Caledonian Lane is a street in Melbourne.  It is a short, quiet and narrow (4 metre wide) open laneway, running between Little Bourke Street and Lonsdale Street in the central business district of Melbourne.

Caledonian Lane is most notable as the former home to the St Jerome's Laneway Festival.  It is also notable due to controversial developments in 2009 involving the redevelopment of the Post Office precinct and Department Store precinct also involving the shutting down of both St Jerome's and the festival.

A consortium involving Myer and Colonial First State applied for exemption from the City of Melbourne Heritage Overlay to widen the lane by 4 metres to improve access for delivery trucks and in the process demolish the Art Deco Lonsdale House in 2009. Permission was granted by both the City of Melbourne and the State planning minister Justin Madden MP on 24 July 2009 under controversial circumstances.
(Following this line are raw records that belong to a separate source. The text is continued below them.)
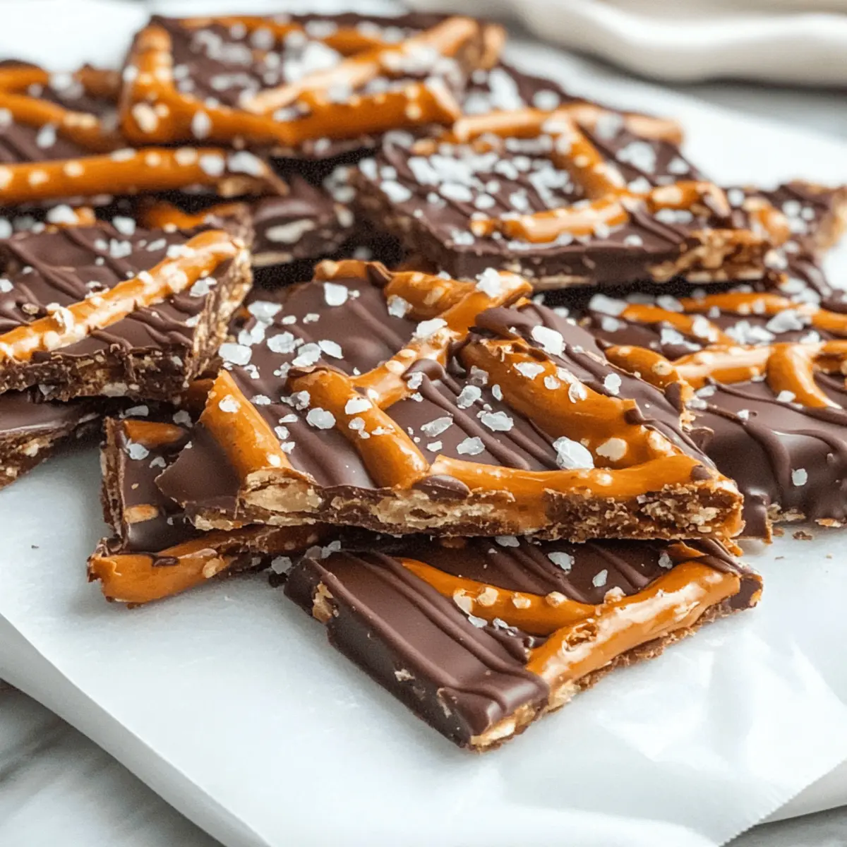- Sea Salt – A sprinkle enhances the sweet and salty flavor of the salted caramel pretzel bark, making it even more irresistible.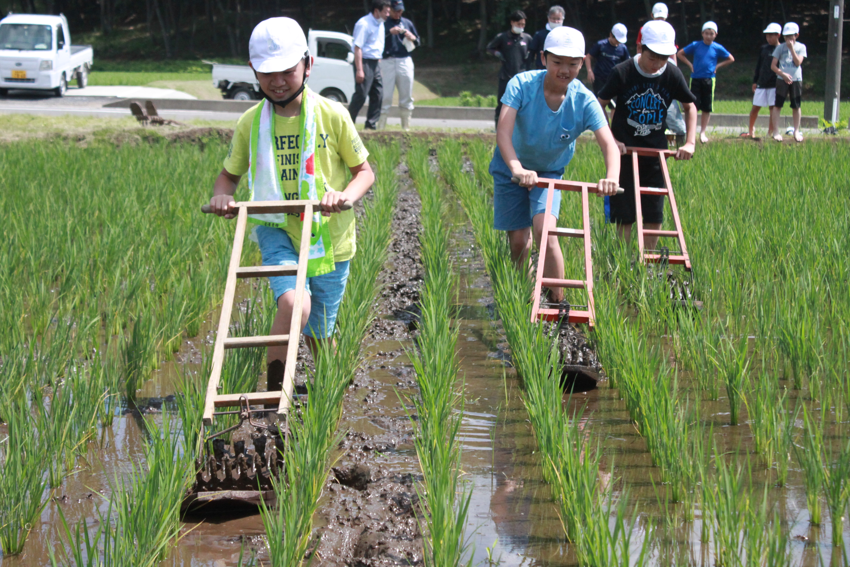 児童は高田さんらから除草作業の目的や歴史、水田中耕除草機の使い方を教わり、実際に体験。最初は慣れない作業に戸惑ったり田んぼに足を取られたりしつつも、教えてもらいながら徐々にコツをつかみ、5アールの田んぼを1時間かけて除草しました。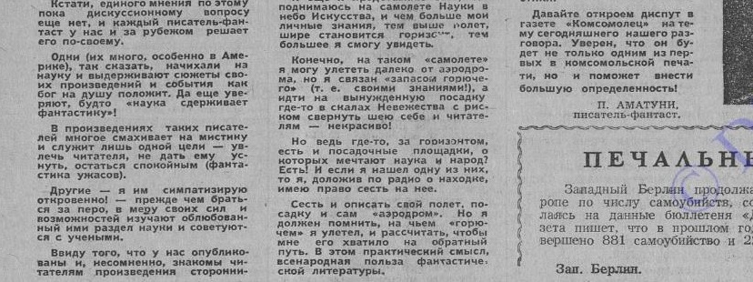 Вариант этой же статьи (совпадает примерно на 85%) был опубликован ЖУРАВЛЕВОЙ в газете «Правда Севера» 19 июня 1966 года под названием «Горизонты фантастики». Возможно, эти же «Горизонты фантастики» повторены в 7-м номере «Литературного Азербайджана» 1966 года. Некоторые тезисы статьи из «Комсомольца» были также использованы в выступлении «Трудности роста» в сборнике «О литературе для детей. Выпуск 10» 1965 года.

In response to the demolition for the sake of lane widening, a preservation group called Save Lonsdale House formed in late 2009.

Until 2004, Caledonian Lane was home to a number of small independent store owners, however the buildings were sold under vacant possession in 2007.

The lane is bitumen with a small strip blue stone cobbled gutter, has street lighting attached to Lonsdale House and is by both pedestrian and vehicular traffic, mainly delivery trucks.  Caledonian Lane forms a vista toward both Loudon Place to the south and Drewery Lane to the north, both are almost directly opposite.